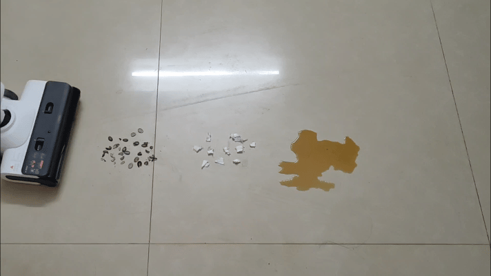 这款洗地机搭载了高转速电机马达,清洁力还是比较强悍的,瓜子壳、纸屑、咖啡液等干湿垃圾的清理效果如动图所示,基本上一遍就能清洁干净。
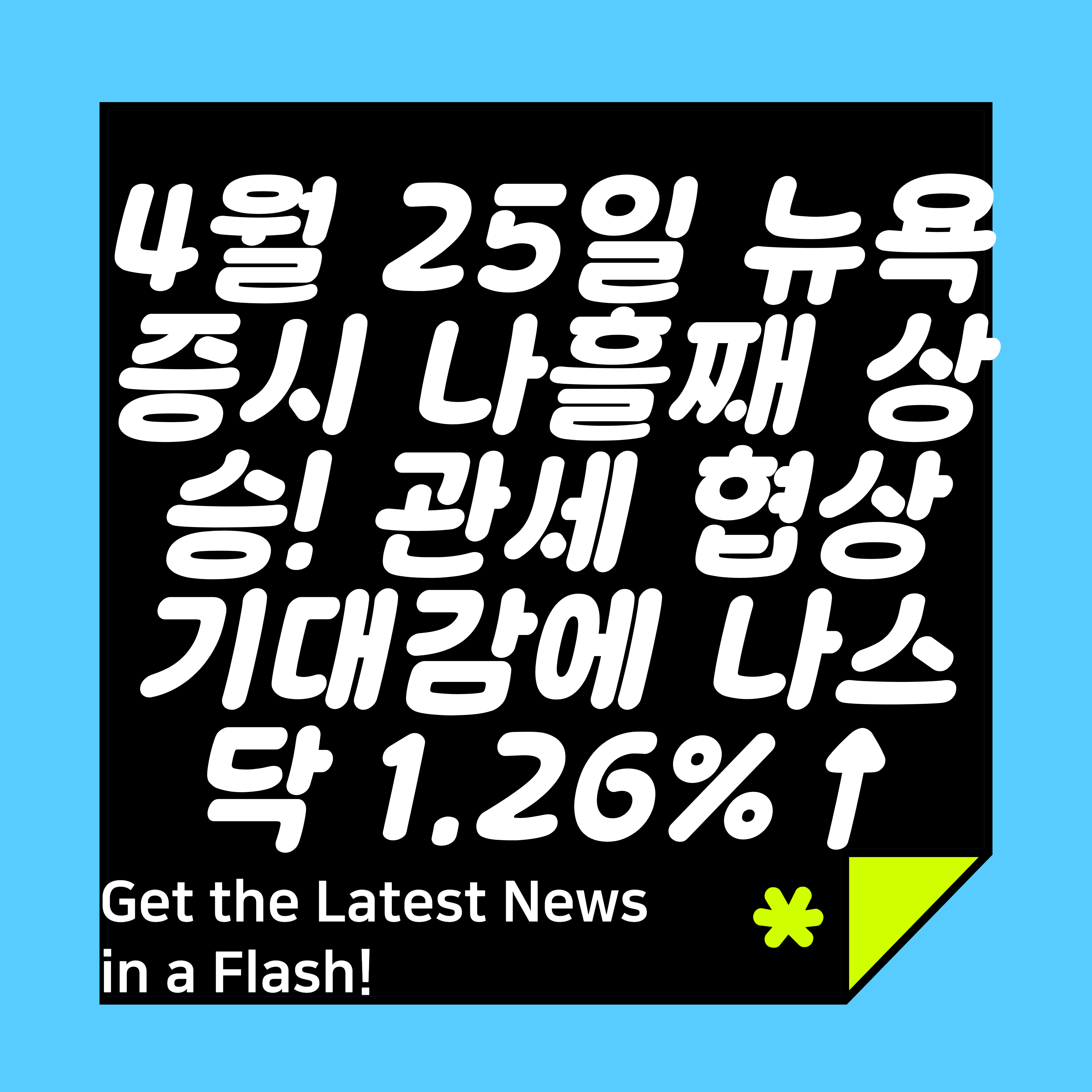 2025년 4월 25일 뉴욕증시 나흘째 상승! 관세 협상 기대감에 나스닥 1.26%↑ 📈💰
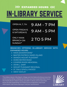 The Main, Baxter-Patrick James Island, Wando Mount Pleasant and Dorchester Road, Cooper River Memorial, John L. Dart, Mt. Pleasant Regional, St. Paul’s/Hollywood and West Ashley library branches will begin operating with expanded hours on Sept. 8. The library branches reopened in August after being closing to the public March 16 due to the COVID-19 pandemic. Those branches will now be open during the expanded hours listed below:

What to produce
From the line containing "2025년 4월 25일" down to the end of the data above, reproduce each line exactly; no pictures.

Answer for the task
 2025년 4월 25일 뉴욕증시 나흘째 상승! 관세 협상 기대감에 나스닥 1.26%↑ 📈💰
 The Main, Baxter-Patrick James Island, Wando Mount Pleasant and Dorchester Road, Cooper River Memorial, John L. Dart, Mt. Pleasant Regional, St. Paul’s/Hollywood and West Ashley library branches will begin operating with expanded hours on Sept. 8. The library branches reopened in August after being closing to the public March 16 due to the COVID-19 pandemic. Those branches will now be open during the expanded hours listed below:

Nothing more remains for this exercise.